Imageprobleme, die kleben bleiben

Dass Autodoc immer wieder mit Negativschlagzeilen konfrontiert ist – ob wegen rechter Werbeumfelder, interner Kultur oder Qualitätsvorwürfen – lässt sich nicht einfach mit Wachstum überdecken.

Auch wenn sich das Unternehmen von allen politischen Extremismen öffentlich distanzierte, bleibt ein Reputationsrisiko haften. Besonders in einem Markt, in dem ESG-Ratings, Anlegervertrauen und Aufsichtsbehörden zunehmend mit am Tisch sitzen.

Dazu kommt: Der Markt für Börsengänge ist zwar wieder in Bewegung, aber selektiver denn je.
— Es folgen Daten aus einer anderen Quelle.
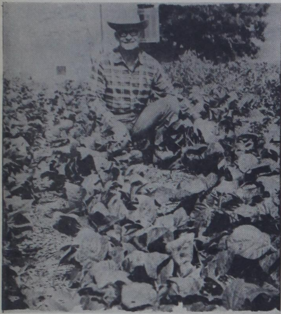
These bean vines have already produced an abundant crop of green beans.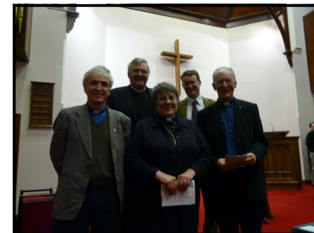
Some members of the Ballymena Clergy fraternal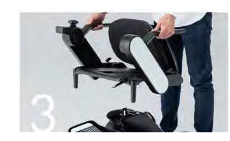
Pull the seat upwards.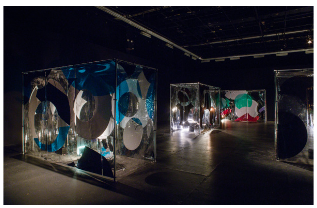
Anicka Yi. You Can Call Me F, 2015; installation view, The Kitchen, New York City.

The fragile biological ecosystems inside the tents are a fusion of organic and inorganic materials. A spaghetti of fabric and plastic jewels spills out of a stainless-steel cauldron, a crude circle of tar lines the floor, inscrutable motorcycle helmets slowly pivot atop poles. In one tent, a series of hides are hung out as if to dry; in another, an orb covered in what might be skin shavings or garlic cloves teeters precariously on a table's edge. The viewer is awarded glimpses of these strange arrangements, but the implied limit of the tent's quarantine precludes a full comprehension. Visitors are reminded of the dangerous, slippery category of female . Yi's installation cultivates such anxieties surrounding the classification of the term and the linguistic terrorism that exists between gender, sex, and subjectivity.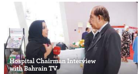
Hospital Chairman Interview with Bahrain TV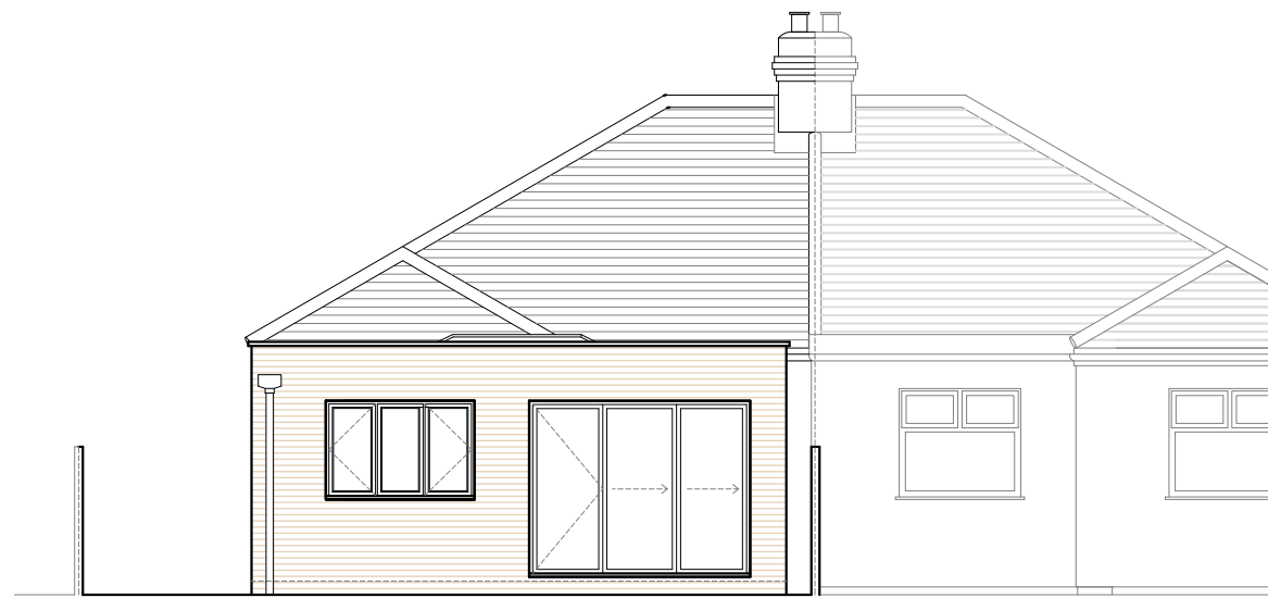
149 Blackfen Road 147 Blackfen Road Neighbouring property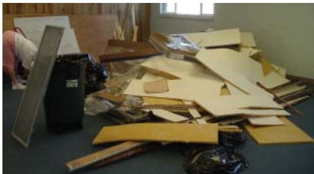
All the ceiling tiles had to come down.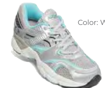
X527W Color: White/Aqua Mesh Lace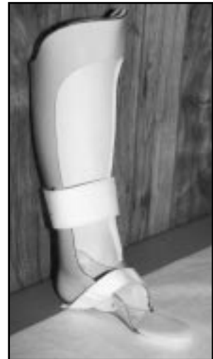
Floor reaction AFO helps control knee instability.

Mild involvement with no spasticity may call for a relatively simple flexible AFO incorporating dorsiflexion-assist to counter dropfoot. At the opposite extreme, patients with moderate-to-severe involvement may need a KAFO with knee locks or perhaps a rigid AFO incorporating rotational control and a floor reaction moment to enhance knee stability. For patients with residual spasticity, neurophysiological features, such as found in a dynamic ankle-foot orthosis (DAFO) or supramalleolar orthosis, can be incorporated to stimulate reflexes antagonistic to spastic movements.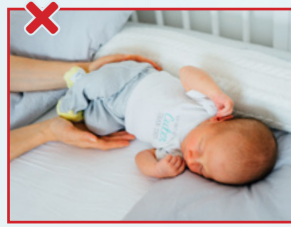
With a sleep positioner or bumper pads

Wer antritt, muss überzeugen – nicht nur mit Margen, sondern mit Transparenz und Berechenbarkeit. Dass Autodoc bis zur letzten Minute mit dem Rückzug gewartet hat, lässt Zweifel an der internen Kommunikation mit Investoren zu.

Warten auf den dritten Versuch?

Offiziell ist der Börsengang nur „verschoben“. Aber ein zweiter geplatzter IPO wiegt schwer – selbst bei guten Zahlen. Anleger fragen sich, was sie beim nächsten Versuch glauben sollen. Ein dritter Anlauf wird nur funktionieren, wenn Autodoc mehr liefert als Quartalsdaten: ein glaubwürdiges Governance-Modell, eine saubere ESG-Strategie und ein klares Commitment zur Transparenz.

Für den Moment bleibt Autodoc ein Unternehmen mit Potenzial – aber ohne Aktienkurs. Die Ersatzteile sind lieferbar. Das Vertrauen ist es nicht.